Cleaning out the inbox: A mishmash of ACA items
This is incredibly face-slappingly depressing news:
Insurance experts say it's hard to know how many people opted to forego insurance and take a tax penalty and now have decided they want insurance, and also how many simply failed to sign up in time and now regret the decision.
But confusion over the new health law, also known as Obamacare, kept some from enrolling, health insurance experts say.
Some people thought they didn't have to meet the new health law's deadline because they didn't qualify for a premium subsidy from the federal government, said Carrie McLean, director of customer care at eHealthInsurance.com, a private Web-based insurance broker. Others thought that only people who wanted to purchase insurance through Covered California, the state's health benefit exchange, had to do so by March 31, she said.
And, according to a Kaiser Family Foundation survey in March, more than 60% of those without health coverage were unaware of the enrollment deadline for most people to sign up for individual health coverage.
Now they're stuck with a tax penalty, and no matter how much money they have to spend on insurance premiums, they can't buy a comprehensive, major medical policy until the next open enrollment in November. And in the meantime they can be turned down for pre-existing conditions by alternative plans.
Not exactly shocking news, but still nice to see off-exchange QHPs given their due officially:
The Kaiser Family Foundation estimates between 3 million and 3.5 million new people signed up for health insurance either through insurance companies or brokers in March.
It estimates a total of 15 million people now have individual insurance through the private market.
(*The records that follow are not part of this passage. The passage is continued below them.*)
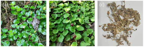 Representative images of Lobelia nummularia Lam. (a) Plants growing in the wild habitat showing green fruits and purple-white flowers; (b) field plants with partially ripened fruits, exhibiting a red-purple hue; (c) the dried whole-plant sample of Lobelia nummularia used in this study.
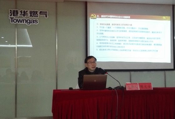 1129日下午,市委講師團(tuán)學(xué)習(xí)宣傳貫徹黨的十九大精神宣講報(bào)告會(huì)在安慶港華會(huì)議室舉行,市委講師團(tuán)副團(tuán)長陳大士作宣講報(bào)告。安慶港華黨委班子成員、公司黨員共60余人聆聽了宣講。
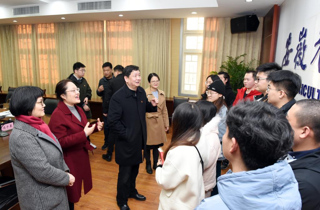 胡靖充分肯定了我校为保障留校学生的学习生活所做的多项人性化举措,感谢同学们响应国家号召、留校过年,为疫情防控作出积极贡献,并祝福同学们在校度过一个愉快而又难忘的春节。他建议同学们寒假期间要做一名特殊的“三好学生”:一是学习好,以中央一号文件、安徽省委一号文件为指引和动力,充分把握假期时间学好专业知识,提高专业技能,努力为乡村振兴贡献青春力量;二是生活好,让难忘的寒假过得有意义;三是安全好,带头遵循疫情防控相关规定并注重日常安全,过一个平安的寒假。
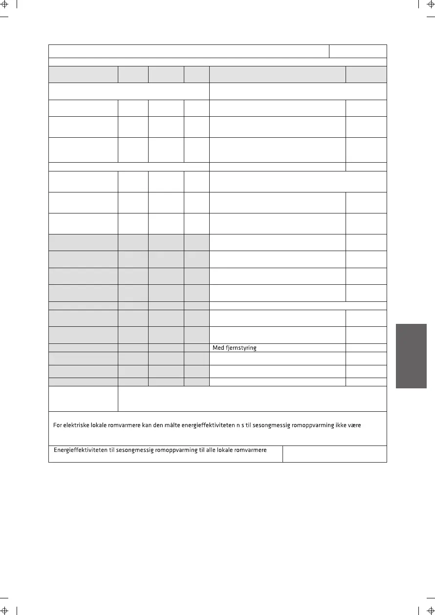 Tabell for informasjonskrav for elektriske lokale romvarmere

Under ObamaCare, people had to have insurance by the end of March to avoid a tax penalty next year. The administration eventually extended this deadline to the middle of April to give people more time to sign up for plans.
The administration has said 8.1 million people signed up for an ObamaCare plan by the beginning of April.
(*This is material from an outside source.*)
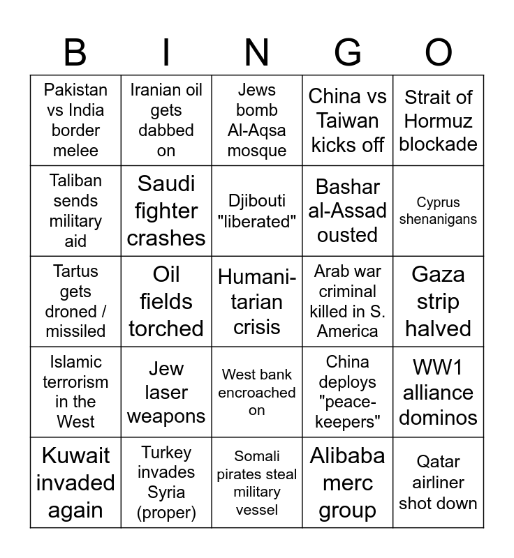 This bingo card has a free space and 24 words: Jew laser weapons, Turkey invades Syria (proper), Djibouti "liberated", Kuwait invaded again, Strait of Hormuz blockade, Pakistan vs India border melee, Taliban sends military aid, Iranian oil gets dabbed on, Arab war criminal killed in S. America, West bank encroached on, Bashar al-Assad ousted, Tartus gets droned / missiled, China deploys "peace-keepers", WW1 alliance dominos, Saudi fighter crashes, Alibaba merc group, Gaza strip halved, Jews bomb Al-Aqsa mosque, Cyprus shenanigans, Oil fields torched, Qatar airliner shot down, Islamic terrorism in the West, China vs Taiwan kicks off and Somali pirates steal military vessel.

Kaiser’s findings suggest that the number of people purchasing health insurance grew even accounting for people who saw their existing plans canceled because of new requirements under ObamaCare.
Medicaid expansion is a HUGE opening for Democrats, even/especially in red states:
Democrats have found a big piece of Obamacare that nearly all factions of their party can back — and they say it’ll be a winning issue on the campaign trail this fall.
Even some of the Democrats running for reelection in red states are embracing the Affordable Care Act’s optional Medicaid expansion and, along with their compatriots, pressuring Republican governors and legislatures to do the same.
This growing support to expand Medicaid comes as Democrats feel increasingly comfortable touting the health care law, a slow change buoyed this spring by the positive news of Obamacare’s 8 million enrollees.
...Moreover, polls show that Medicaid expansion could provide a big political boost. It’s far more popular than Obamacare itself.
“We’re going to have, for the first time in a little while, Democrats in vulnerable states and safe states all speaking with one voice in part because of the political momentum growing behind Medicaid expansion,” Sen. Chris Murphy (D-Conn.), the Senate Democrats’ point person on health care messaging, told POLITICO in an interview.
...“Having cowered in a corner for a good part of the last four years, it’s hard to change your behavior,” he said. “It’s hard for people to immediately pivot from being on the defense in the fall [as HealthCare.gov crashed] to being on the offense. The news went from terrible to great in an instant, and sometimes it’s hard for your strategy to catch up.”
The HHS has cited the lack of an online component in the SHOP enrollment process on Healthcare.gov as one reason it has yet to release any data on the number of small businesses that have enrolled in the Affordable Care Act’s federal SHOP marketplace.
Without the automated online enrollment system, CMS is unable to gather enrollment data itself, but will instead collect enrollment information from insurance companies.
The HHS has repeatedly denied knowing when SHOP enrollment numbers will be available, but on background from one HHS official, the agency doesn’t anticipate having SHOP enrollment data until later this year.
The process of collecting that data from the insurance companies is still being finalized, according to the official.
And finally...
The uninsured rate is 13.4 percent for the second month in a row, after dropping from 17.1 percent at the end of 2013, according to new Gallup data. In other words, the uninsured rate is 22 percent lower now than it was before Obamacare. Skeptics have argued that most Obamacare enrollments are people with cancelled plans, but it's hard to ignore the fact that an estimated 11 million people gained insurance during a nationwide push to enroll people. At the very least, Obamacare helped.